Indentation is specified using a |Length| value, such as |Inches|, |Pt|, or
|Cm|. Negative values are valid and cause the paragraph to overlap the margin
by the specified amount. A value of |None| indicates the indentation value is
inherited from the style hierarchy. Assigning |None| to an indentation
property removes any directly-applied indentation setting and restores
inheritance from the style hierarchy::
>>> from docx.shared import Inches
>>> paragraph = document.add_paragraph()
>>> paragraph_format = paragraph.paragraph_format
>>> paragraph_format.left_indent
None # indicating indentation is inherited from the style hierarchy
>>> paragraph_format.left_indent = Inches(0.5)
>>> paragraph_format.left_indent
457200
>>> paragraph_format.left_indent.inches
0.5
Right-side indent works in a similar way::
>>> from docx.shared import Pt
>>> paragraph_format.right_indent
None
>>> paragraph_format.right_indent = Pt(24)

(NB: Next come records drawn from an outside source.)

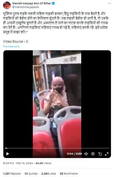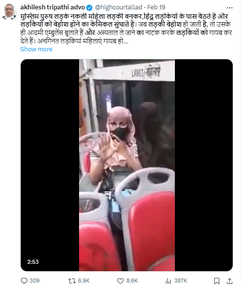 एक एक्स पोस्ट में इस वीडियो को शेयर करते हुए लिखा गया कि ‘मुस्लिम पुरुष लड़के नकली महिला लड़की बनकर,हिंदू लड़कियों के पास बैठते है और लड़कियों को बेहोश होने का केमिकल सुंघाते है। जब लड़की बेहोश हो जाती है, तो उसके ही आदमी एम्बुलेंस बुलाते हैं और अस्पताल ले जाने का नाटक करके लड़कियों को गायब कर देते हैं। अनगिनत लड़कियां महिलाएं गायब हो गई हैं, महिलाएं सतर्क रहें. इसे प्रत्येक समूह में साझा करें।’
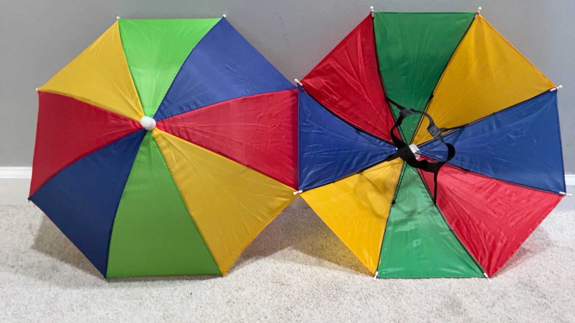 Gently used pair of vibrant rainbow umbrellas with red, blue, green, and yellow panels—perfect for brightening up rainy days! Compact design folds small for easy carrying (about 10 inches closed), opens to around 24-30 inches diameter. Sturdy frame, and in excellent condition with no tears or issues. Great gag gift or fun for kids/travel. From a pet-free, smoke-free home. Local pickup preferred, or can meet nearby. Asking $8 OBO—bundle deal!
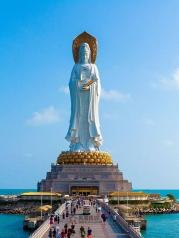 南山海上观音是去海南三亚旅游必须去的景点,交通也很方便。这里有108高的观音菩萨像,有清澈见底一望无际的大南海。还有绿树成荫的高山。海上观音的莲花座下为金刚台,金刚台内是面积达15000平方米的圆通宝殿。金刚洲由长280米的普济桥与陆岸相连。
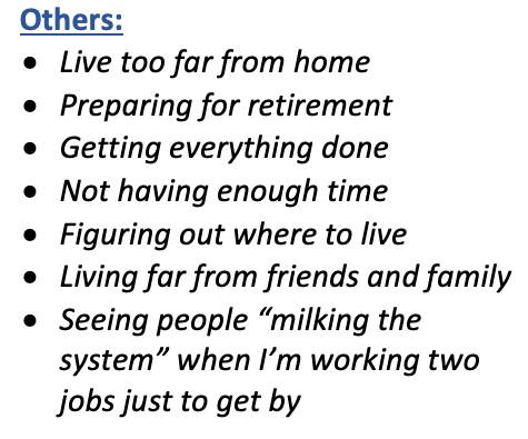 - Other (anything that could not be easily assigned to any of the above categories, such as location of residence, distance from work, politics, preparing for retirement)
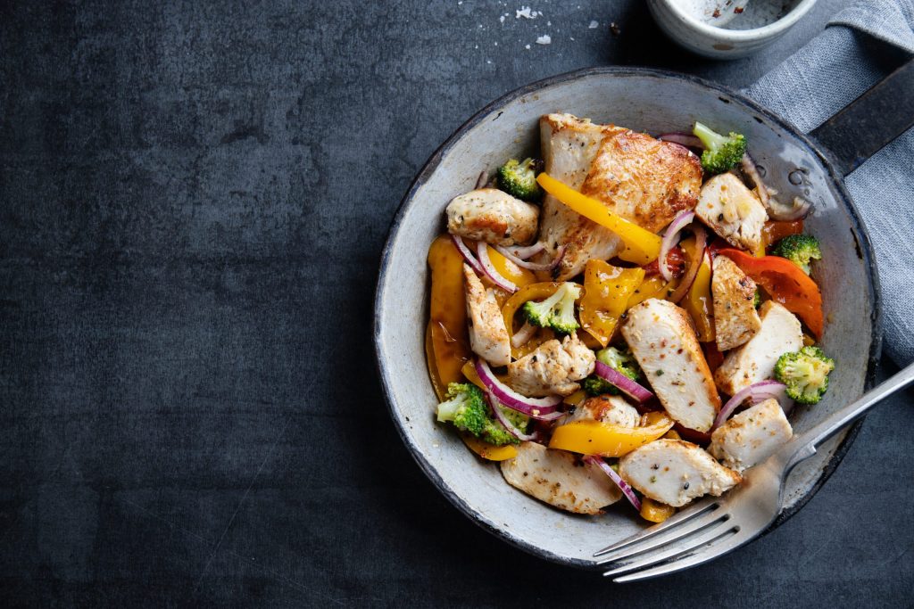 Chicken and vegetables fried or stuffed served on pan on bright background.
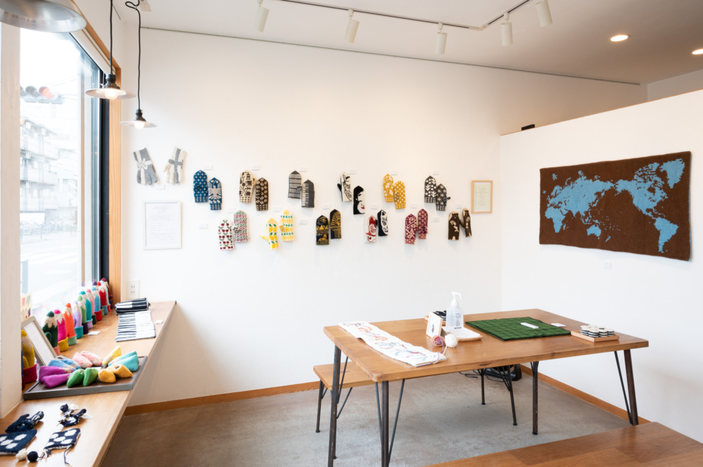 展示期間中は手編み作品の販売、

>>> paragraph_format.right_indent
304800
>>> paragraph_format.right_indent.pt
24.0
First-line indent is specified using the
:attr:`~.ParagraphFormat.first_line_indent` property and is interpreted
relative to the left indent. A negative value indicates a hanging indent::
>>> paragraph_format.first_line_indent
None
>>> paragraph_format.first_line_indent = Inches(-0.25)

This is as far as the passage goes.